__Exercise prompt__: Transcribe the listing word for word, beginning at its first line and ending at the line containing "قلادة ليفاندور على"; omit the pictures.

__Information supplied__:

--- START ---

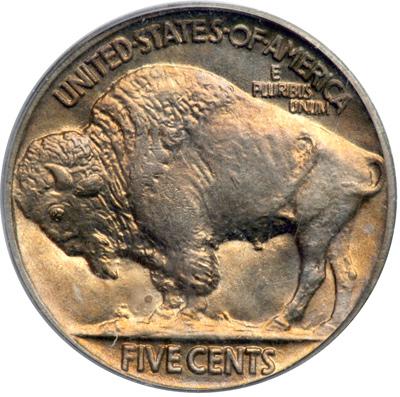 1913 Buffalo Nickel. Type 2. PCGS graded MS-66. Lovely golden toning. This is a thickly frosted, Gem quality representative of this desirable Type 2 release for 1913 (PCGS # 3921) .
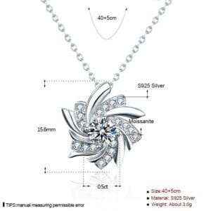 قلادة ليفاندور على شكل دوارة, من الألماس المويسانيت، فضة إسترلينية مطلية بالذهب عيار 18 قيراط.
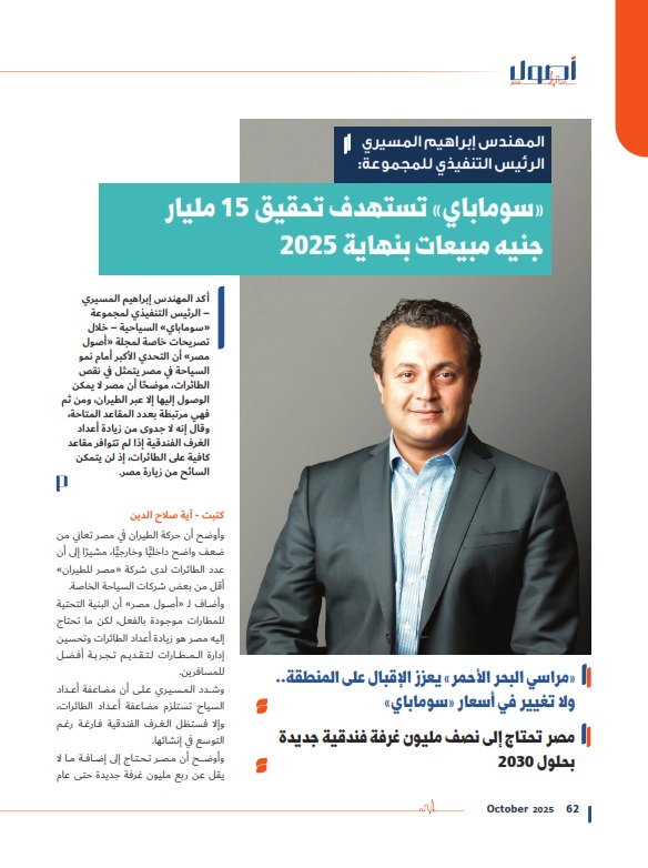 أكد المهندس إبراهيم المسيري – الرئيس التنفيذي لمجموعة «سوماباي» السياحية – خلال تصريحات خاصة لمجلة «أصول مصر» أن التحدي الأكبر أمام نمو السياحة في مصر يتمثل في نقص الطائرات، موضحًا أن مصر لا يمكن الوصول إليها إلا عبر الطيران، ومن ثم فهي مرتبطة بعدد المقاعد المتاحة، وقال إنه لا جدوى من زيادة أعداد الغرف الفندقية إذا لم تتوافر مقاعد كافية على الطائرات، إذ لن يتمكن السائح من زيارة مصر.

--- END ---

__Result of the task__:
 1913 Buffalo Nickel. Type 2. PCGS graded MS-66. Lovely golden toning. This is a thickly frosted, Gem quality representative of this desirable Type 2 release for 1913 (PCGS # 3921) .
 قلادة ليفاندور على شكل دوارة, من الألماس المويسانيت، فضة إسترلينية مطلية بالذهب عيار 18 قيراط.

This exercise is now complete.